BRIEF: Exactly the lines from the start of the data below through the line that contains "This beautiful 4" are to be copied, with pictures left out.

DATA FOR PROCESSING:
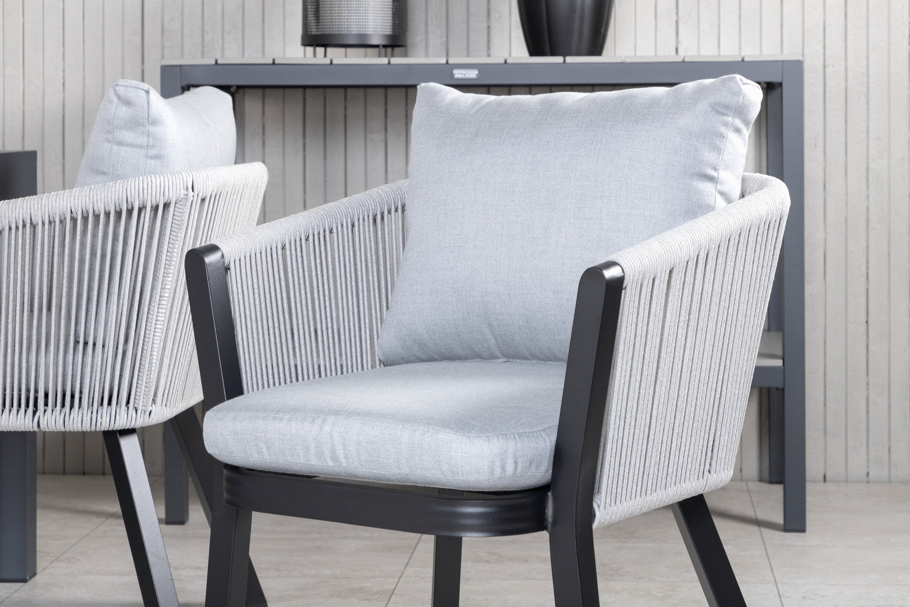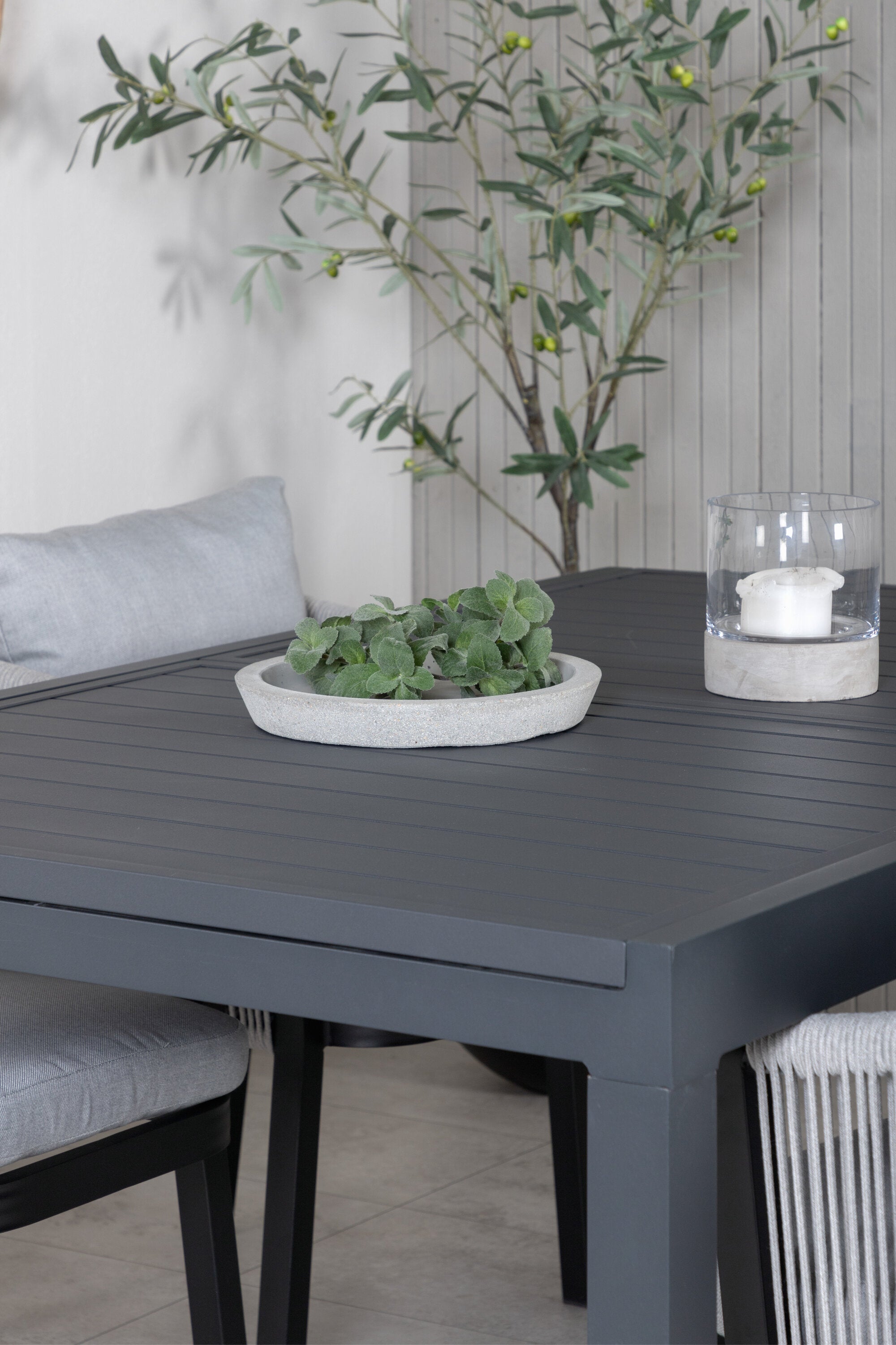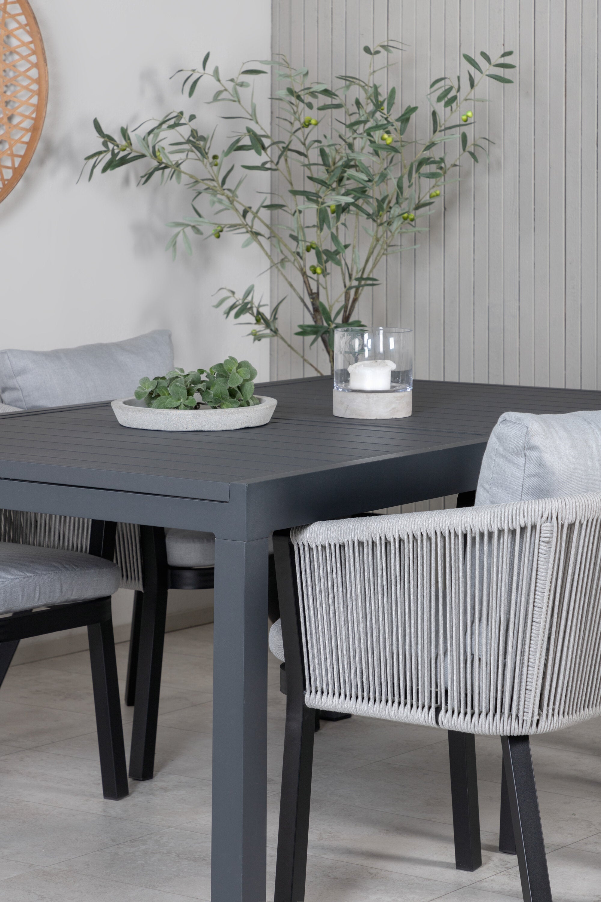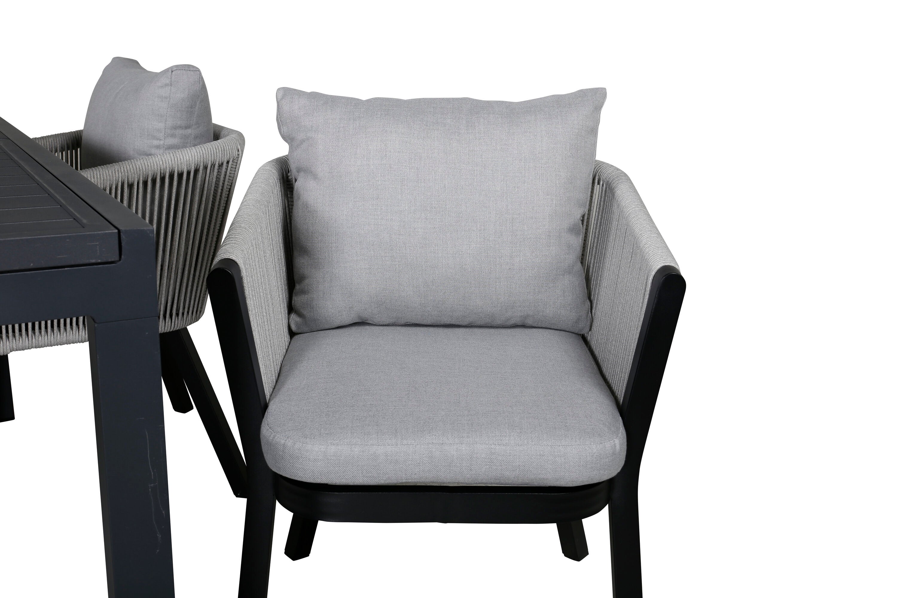 Stůl Marbella 160/240 - Černá/Černá+Virya Jídelní židle - ČERNÁ Alu / Šedý polštář _4
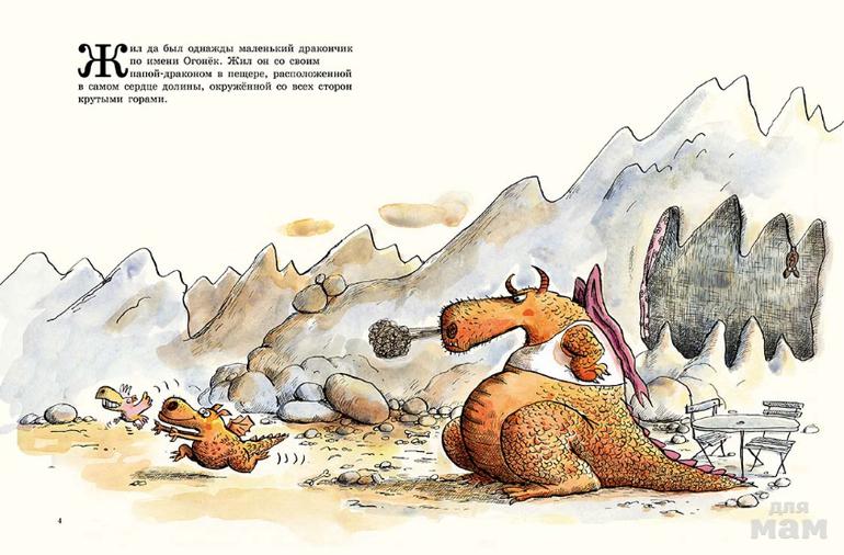 Трогательная трилогия французского писателя Александра Лакруа, остроумно проиллюстрированная Ронаном Баделем – одна из немногих детских книг (не только на российском, но и мировом книжном рынке), сюжет которых строится вокруг взаимоотношений ребенка и отца. Чаще «главным» родителем малыша в детской литературе выступает мама, что, безусловно, важно. Но папы все же несправедливо отодвинуты на второй план. Что ж, истории о папе и сыне драконах удачно компенсируют этот досадный перекос!
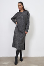 в чистый край. Горловина спинки более вырезана. Рукав втачной длинный, к низу рукав расширяется. Платье длиной выше колена.
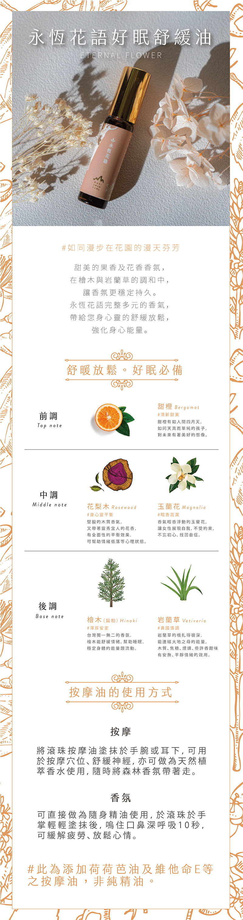 永恆花語👉 前調:甜橙、佛手柑👉 中調:玉蘭花、花梨木👉 後調:檜木、岩蘭草層次優雅,花木交融,展現細膩浪漫。
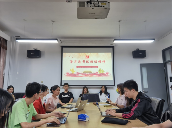 本科生与研究生党支部共同举办支部党员大会。为大家播放了“庆祝太阳集团122cc建校80周年大会-习近平总书记给北外老教授回信”等相关视频,并给同志们讲述了英院云杉的感人故事。
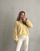 Gestreifte Strickjacke mit V-Ausschnitt
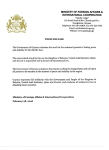 Guyana expresses full solidarity with the Government and People of the Kingdom of Bahrain, United Arab Emirates, Qatar and Kuwait, and condemns all actions by Iran in attacking these countries.
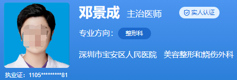 醫(yī)生介紹:鄧景成,畢業(yè)于上海交通大學(xué),獲得醫(yī)學(xué)碩士學(xué)位。自畢業(yè)以來從事整形科已有多年時(shí)間,有許多成功的手術(shù)案例。他擅長(zhǎng)各種眼鼻整形手術(shù)和下領(lǐng)角整形手術(shù),尤其是在眼部、鼻部美容整形方面有獨(dú)到的設(shè)計(jì)經(jīng)驗(yàn)和效果。此外,他還在整形科領(lǐng)域發(fā)表多篇學(xué)術(shù)論文,獲得業(yè)界的廣泛認(rèn)可。
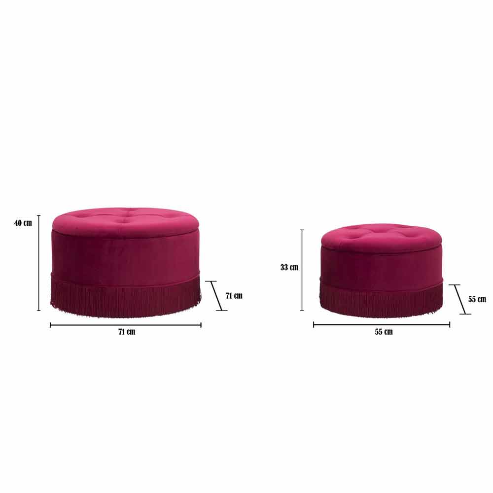 Paar Sitzpuffs mit burgunderfarbenem Behälter aus Holz mit Design-Samtsitz.
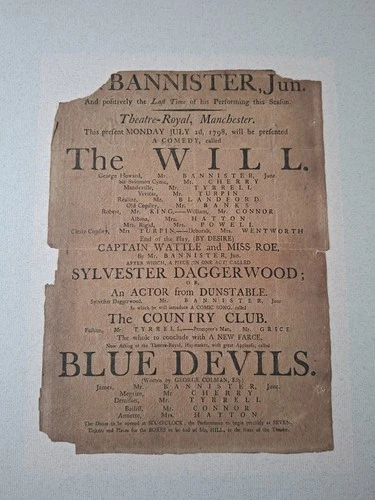 ORIGINAL THEATRE POSTER 1798,THE WILL,A COMEDY,THEATRE-ROYAL MANCHESTER
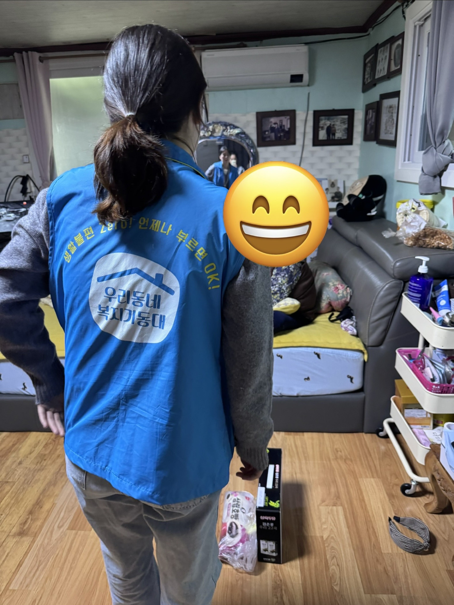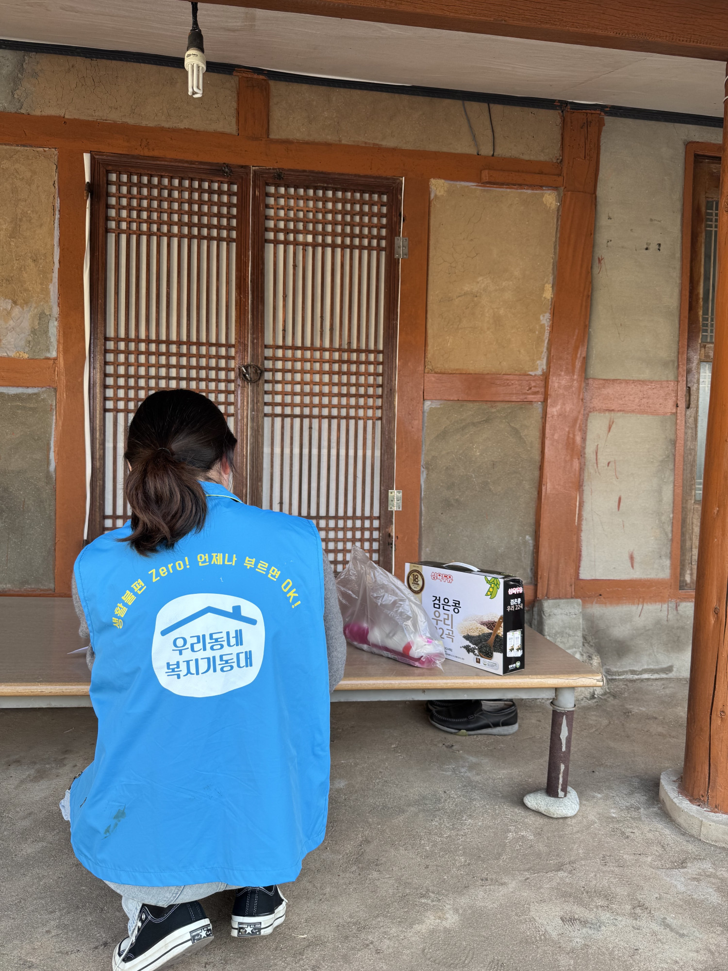 # 내용: 독거노인 생필품 전달, 안부확인, 생활환경 및 필요 복지서비스 조사
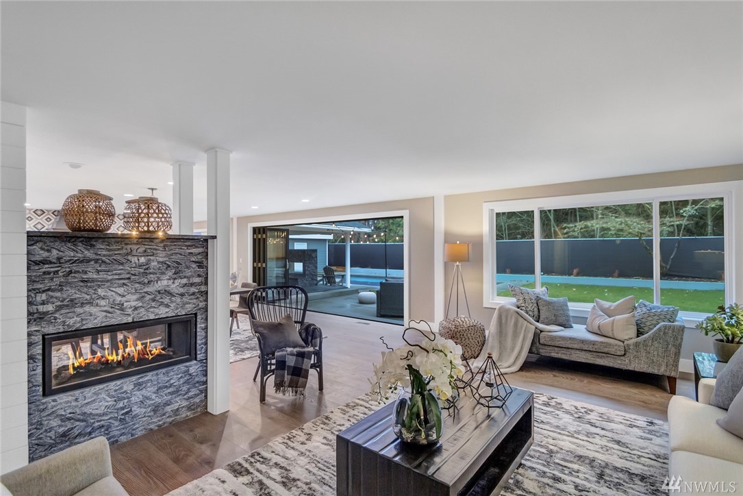 This beautiful 4 br. 2 1/2 ba. one story home has been completely remodeled. The open concept floor plan incorporates indoor/outdoor living at its finest, a 16’ door leads to your private backyard, pool and covered patio. The kitchen features high end appliances, quartz counters and new cabinets while hardwood floors, wool carpet and two amazing two-way fireplaces add warmth throughout. The master bath room is gorgeous with a custom marble shower, flooring and counters. The Woodway reserve is in your backyard, step outside and enjoy nature and walking trails.
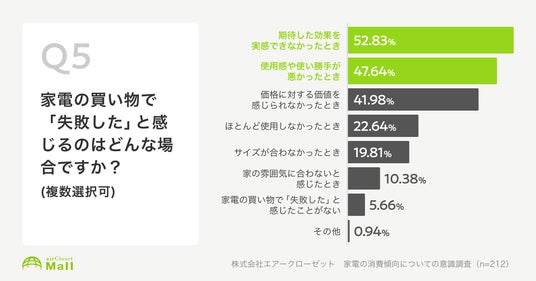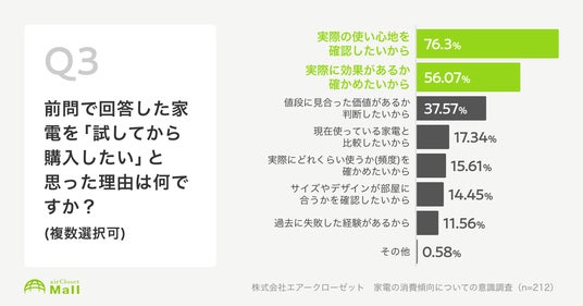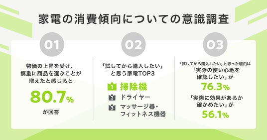 物価高の影響により、全体の80.7%の人が買い物の際に慎重に商品を選ぶことが増えたと感じていることが分かりました。また、試してから購入したい家電商品は第1位が「掃除機」、第2位が「ドライヤー」、第3位が「マッサージ器・フィットネス機器」という結果となりました。また、「試してから購入したい」と思った理由については、「実際の使い心地を確認したい」が最も多く挙げられ、次いで「実際に効果があるか確かめたい」が続きました。さらに、購入時の決め手としては「機能性や使い勝手の良さ」が最も多く選ばれ、失敗したと感じた体験においても「期待した効果を得られなかったとき」「使用感や使い勝手が悪かったとき」が上位に並び、消費者が購入時に「値段の納得感」以上に「使用感や効果」を重視していることが示されています。

EXERCISE SOLUTION:
 Stůl Marbella 160/240 - Černá/Černá+Virya Jídelní židle - ČERNÁ Alu / Šedý polštář _4
 Трогательная трилогия французского писателя Александра Лакруа, остроумно проиллюстрированная Ронаном Баделем – одна из немногих детских книг (не только на российском, но и мировом книжном рынке), сюжет которых строится вокруг взаимоотношений ребенка и отца. Чаще «главным» родителем малыша в детской литературе выступает мама, что, безусловно, важно. Но папы все же несправедливо отодвинуты на второй план. Что ж, истории о папе и сыне драконах удачно компенсируют этот досадный перекос!
 в чистый край. Горловина спинки более вырезана. Рукав втачной длинный, к низу рукав расширяется. Платье длиной выше колена.
 永恆花語👉 前調:甜橙、佛手柑👉 中調:玉蘭花、花梨木👉 後調:檜木、岩蘭草層次優雅,花木交融,展現細膩浪漫。
 本科生与研究生党支部共同举办支部党员大会。为大家播放了“庆祝太阳集团122cc建校80周年大会-习近平总书记给北外老教授回信”等相关视频,并给同志们讲述了英院云杉的感人故事。
 Gestreifte Strickjacke mit V-Ausschnitt
 Guyana expresses full solidarity with the Government and People of the Kingdom of Bahrain, United Arab Emirates, Qatar and Kuwait, and condemns all actions by Iran in attacking these countries.
 醫(yī)生介紹:鄧景成,畢業(yè)于上海交通大學(xué),獲得醫(yī)學(xué)碩士學(xué)位。自畢業(yè)以來從事整形科已有多年時(shí)間,有許多成功的手術(shù)案例。他擅長(zhǎng)各種眼鼻整形手術(shù)和下領(lǐng)角整形手術(shù),尤其是在眼部、鼻部美容整形方面有獨(dú)到的設(shè)計(jì)經(jīng)驗(yàn)和效果。此外,他還在整形科領(lǐng)域發(fā)表多篇學(xué)術(shù)論文,獲得業(yè)界的廣泛認(rèn)可。
 Paar Sitzpuffs mit burgunderfarbenem Behälter aus Holz mit Design-Samtsitz.
 ORIGINAL THEATRE POSTER 1798,THE WILL,A COMEDY,THEATRE-ROYAL MANCHESTER
 # 내용: 독거노인 생필품 전달, 안부확인, 생활환경 및 필요 복지서비스 조사
 This beautiful 4 br. 2 1/2 ba. one story home has been completely remodeled. The open concept floor plan incorporates indoor/outdoor living at its finest, a 16’ door leads to your private backyard, pool and covered patio. The kitchen features high end appliances, quartz counters and new cabinets while hardwood floors, wool carpet and two amazing two-way fireplaces add warmth throughout. The master bath room is gorgeous with a custom marble shower, flooring and counters. The Woodway reserve is in your backyard, step outside and enjoy nature and walking trails.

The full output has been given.